The second lieutenant seemed to have risen slightly from his seat without leaving it and his face shone brighter although the stove was no longer red-hot and the lamp was burning with an even flame. Father Severyan kept his mind fixed on the same thought, resisting any temptation to digress.
“In ordinary life thousands of bad impulses, from a thousand foci of evil, move chaotically, randomly, against the vulnerable. The state is called upon to check these impulses—but it generates others of its own, still more powerful, and this time one-directional. At times it throws them all in a single direction—and that is war. So then, the dilemma of peace versus war is a superficial dilemma for superficial minds. ‘We only have to stop making war and we shall have peace.’ No! The Christian prayer says “peace on earth and goodwill among men.” That is when true peace will arrive: when there is goodwill among men. Otherwise even without war men will go on strangling, poisoning, starving, stabbing, and burning each other, trampling each other underfoot and spitting in each other’s faces.”

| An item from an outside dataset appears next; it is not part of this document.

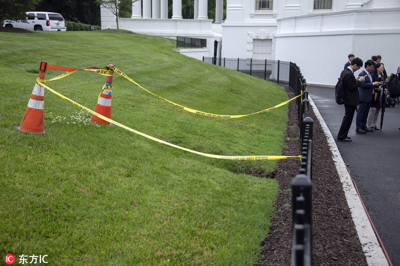 当地时间2018年5月22日,美国华盛顿,白宫北草坪惊现天坑。

Meanwhile, carefree Chernega, who knew nothing of such problems, was snoring up above—the only sound to be heard anywhere on the Russo-German front.
The stove was no longer crackling. The coals were glowing noiselessly.

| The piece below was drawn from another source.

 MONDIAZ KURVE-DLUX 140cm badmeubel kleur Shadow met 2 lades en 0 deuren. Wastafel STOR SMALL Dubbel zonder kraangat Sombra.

Father Severyan’s ready answer flowed effortlessly.
“War is not the vilest form of evil, not the most evil of evils. An unjust trial, for instance, that scalds the outraged heart, is viler. Or murder for gain, when the solitary murderer fully understands the implications of what he means to do and all that the victim will suffer at the moment of the crime. Or the ordeal at the hands of a torturer. When you can neither cry out nor fight back nor attempt to defend yourself. Or treachery on the part of someone you trusted. Or mistreatment of widows or orphans. All these things are spiritually dirtier and more terrible than war.”

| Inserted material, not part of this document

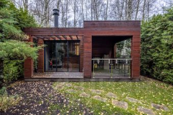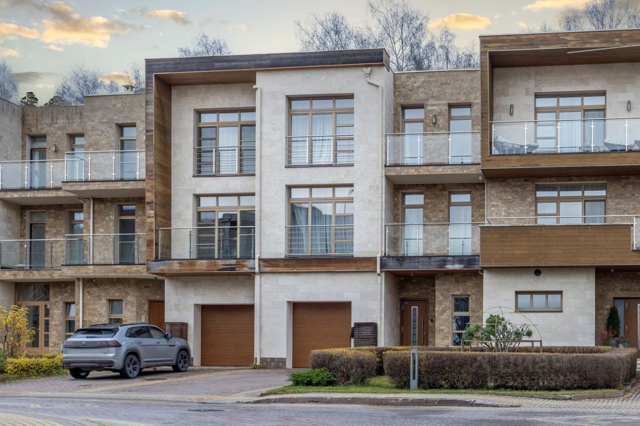 На первом этаже: прихожая со встроенным гардеробом, гостевой санузел, гостиная с дровяным камином, кухня, столовая с выходом на террасу в приватную часть участка, постирочная со стиральной и сушильной машинами, кладовая для хранения под лестницей, котельная с установленной системой водоподготовки. С фасадной части таунхауса вход в пространство для хранения инвентаря, покрышек и при необходимости парковки мотоцикла.

Lazhenitsyn rubbed his brow. One of his ears, that nearer to the stove, was burning. He rubbed his brow, feeling somewhat easier, but still examining the priest’s words fastidiously. He could never answer quickly, or in monosyllables.
“Not the vilest form of evil? But the most wholesale form. The victims of individual murders, or individual miscarriages of justice, are individuals …”
“Multiplied by thousands! There are just as many of them. Only they are not assembled in one place in one short period of time, like those killed in war. Think of the great tyrants—Ivan the Terrible, Biron, Peter. Or—yes—the reprisals against the Old Believers. No need for war there—they were effectively suppressed without it. Over the years, and counting all countries, the sum of suffering is no less without war than with it. It may even be greater.”
Lazhenitsyn was livening up. Brightening. And the priest spoke with even greater ease, beginning to look his own age, thirty-five or thirty-six, again.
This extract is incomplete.